Когда Алешку вытащили, он громко заплакал, и вконец измученная Юлька облегченно выдохнула:
— Все, все, сыночек, отмучились мы с тобой.
Была уже ночь. Юльку перевезли в палату. Лежа на спине, она взглянула в окно на звездное небо и, блаженно улыбнувшись, мгновенно уснула.
Проснулась рано, потянулась, ощущая боль во всем теле, прикоснулась к нагрубшей груди — молоко прибывает. Взглянула на спящих соседок по палате. Улыбка не сходила с ее лица. Она с трудом поднялась.

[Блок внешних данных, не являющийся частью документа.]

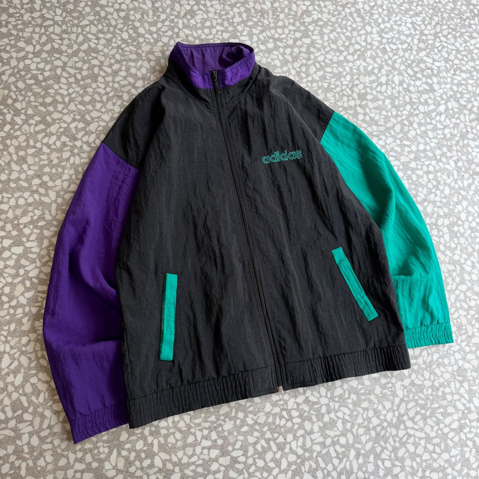 adidas 90’s- big logo nylon jackets アディダス ビッグロゴ ナイロンジャケット 3D立体 クレイジーパターン 古着 ストリート 横ノリ マルチ B系 WWW_NICORILABO_COM
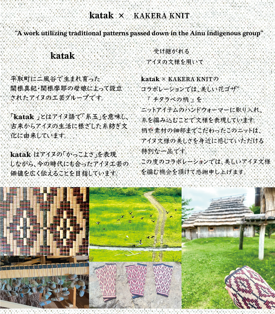 カケラニットは、オリジナル柄や編み旅で出逢った伝統的な柄を用いて編みという技法で表現しております。祖先の知恵や自然のモチーフに敬意を払いながら、旅で出逢ったり、自ら創り出したりした無限の柄や素材を、私は「カケラ」と呼んでいます。そのカケラたちを1つの横編み機を用いて編みという技法で描き、一点ものや限定の手衣(てごろも)を中心に糸から制作しております。デザインは細かな柄と素材と色が特徴で、主にウール、時に麻、絹、カシミアなど色んな素材にも挑戦しています。日本、世界問わず訪れた場所から華麗、美しい、かわいいなど、カケラニットに身を包んで頂いたり、そこから多国、多色の文化に触れて頂いたり、人や自然、日常にやさしいアイテムをこれからも編んでいけたら、たいへん嬉しく思います。
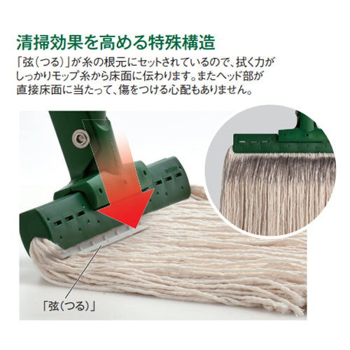 ●「弦(つる)」が糸の根元にセットされているので、拭く力がしっかりモップ糸から床面に伝わります。
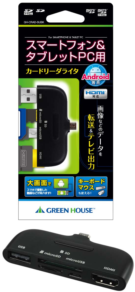 На самом деле GH-CRAD-SUBK не является одним лишь картридером, этот девайс может многое, его функционал порадует владельца. Подключив новинку к смартфону или планшету с ОС Android, можно дать аппарату доступ к картами памяти SD и microSD, порту USB или microUSB, а также HDMI, по которому можно вывести изображение на большой экран.

Умываясь, взглянула в крохотное зеркальце над раковиной и вдруг всем сердцем впервые поверила словам мужа: «Солнышко мое рыжее, красавица моя». Ее переполняла радость исполненного долга, самого важного жизненного дела, она родила своему любимому мужу сына. Скоро-скоро они будут все вместе, теперь уже втроем. Она с трудом дождалась, когда акушерка совершит положенный роженицам утренний туалет.
Из детской палаты доносились нетерпеливые голоса новорожденных, и Юльке казалось, что она различает среди них басовитый голосок Алешки. Наконец детская сестра принесла Юлькиным соседкам детей на кормление.
— А мой?! — нетерпеливо воскликнула Юлька.
— А твой ночью умер, — бездумно ляпнула сестра.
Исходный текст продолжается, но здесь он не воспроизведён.